Jaso isn’t very good defensively, but he gets on base and has shown some minor league pop. Today the Rays signed Jose Molina; they have Jose Lobaton, Robinson Chirinos and have expressed interesting in bringing back Kelly Shoppach.

They’ll be okay behind the plate without Jaso.

But will they be okay with Lueke?

Lueke became known not for of his blazing fastball, but because he was part of the deal that sent Cliff Lee from the Mariners to the Rangers and a dispute ensued as to whom knew what about Lueke’s arrest record in which he was charged with sexual assault and lying to the police, then pleaded no contest.

The whole episode could have cost Mariners GM Jack Zduriencik his job.

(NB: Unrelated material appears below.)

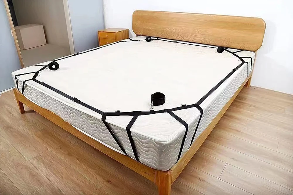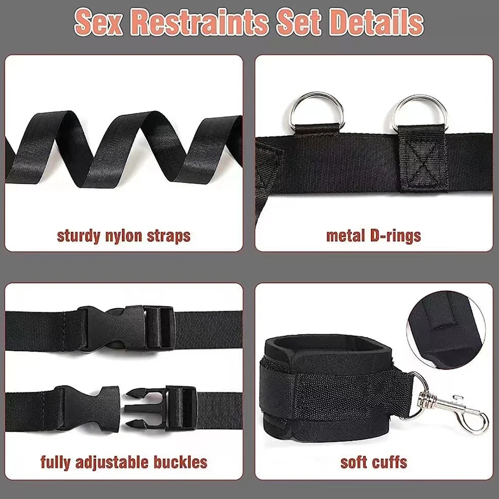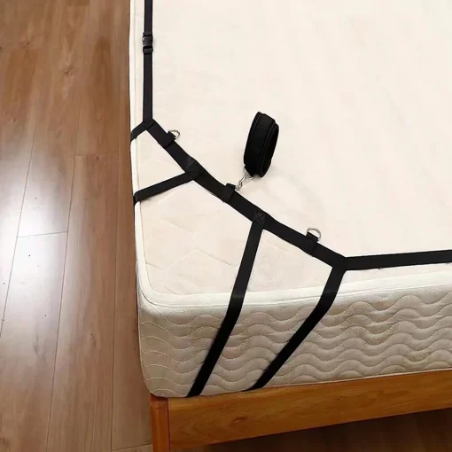 Kit Bondage Alças de Cama BDSM Kit with Handcuffs Bed Straps: transforma qualquer cama comum em um cenário de pura submissão e prazer. Com tiras ajustáveis e resistentes, o conjunto permite prender pulsos e tornozelos de forma confortável, mantendo o parceiro ou parceira na posição ideal para explorar limites, sensações e fantasias.

The Mariners dumping of Lueke for what amounts to a backup catcher isn’t simply a trade; it appears as if they want to put the whole Lueke experience behind them as an organization, were presented with this deal and took it.

I don’t blame them.

I wouldn’t touch Jose Lueke.

You can make the case that in every organization there are a fair number of people who’ve been a bit too aggressive or behaved inappropriately with the opposite sex.

I’m not only talking about players; I’m talking about employees in every facet and it’s not always just men.

But the Lueke case is on the record. You can also make the contention that since it was his word against the accuser’s and that the episode sort of went away that he deserves another chance as long as he doesn’t get caught up in anything else.

It’s not unreasonable.

With the Rays however, their rise to prominence since 2008 came, of course, as a result of the high draft picks accrued from being so awful for so long; by making intelligent trades and savvy free agent signings; and a fair amount of luck.

An underreported aspect of their leap into contention was that they also ceased taking crap from their employees.

There’s a power in the act of not taking crap.

In relatively rapid succession over the course of a year-and-a-half from 2006-2007, the Rays had dealt with the DUI arrest of pitching coach Jim Hickey; the repeated and increasingly violent transgressions of Elijah Dukes; the bat-throwing suspension of Delmon Young; and the continued sobriety struggles of Josh Hamilton.

Hamilton was left unprotected in the 2006 Rule 5 draft and selected by the Cubs who immediately sold him to the Reds. Hamilton restarted his career in Cincinnati in 2007, was traded to the Rangers and became a star.

Apart from a few minor disputes with manager Joe Maddon, Young played and behaved well enough in 2007 that the Twins—historically a team that doesn’t take any garbage either—traded for him in what wound up being a coup for the Rays in acquiring Jason Bartlett and Matt Garza. Young’s been a mostly solid citizen since then.

Dukes was incorrigible and traded to the Nationals for a nondescript minor league lefty, Glenn Gibson. He continually got into off-and-on-field trouble and the Nationals released him after the 2010 season.

At that time, since the Rays were such a running joke and a team that few paid attention to unless they were in the front of the newspaper as opposed to the back (where they belonged), they were in a position to draw a line with their employees and eject those that crossed it.

That may no longer be the case as they’ve succeeded and increased in stature and positive attention.

You can also say that the Rays have taken a load of stuff from B.J. Upton that a “not taking crap” template would’ve required they get rid of him; but Upton’s problems don’t stem from him being an off-field violent offender—he’s just lazy on the field and doesn’t listen.

There’s a difference between that and being arrested/suspended for violent acts. Those other cases were individuals who were already with the Rays; they’re trading for Lueke.

The Rays could issue the no-tolerance policy to Lueke. Or they could be trying a pump-and-dump of rebuilding his value, then include him in a trade. It’s not as if they gave up all that much to get him and releasing him will cost them nothing if he does give them cause. Lueke has a great arm. In normal circumstances, I’d say “why not?” and see how he behaves and pitches; but with the Rays, having learned the lesson of enough’s enough combined with “if you don’t want to be here and act appropriately, we’ll get rid of you” and seeing it work, I have to wonder why they would bring this person into the organization, due diligence and no-tolerance policy or not.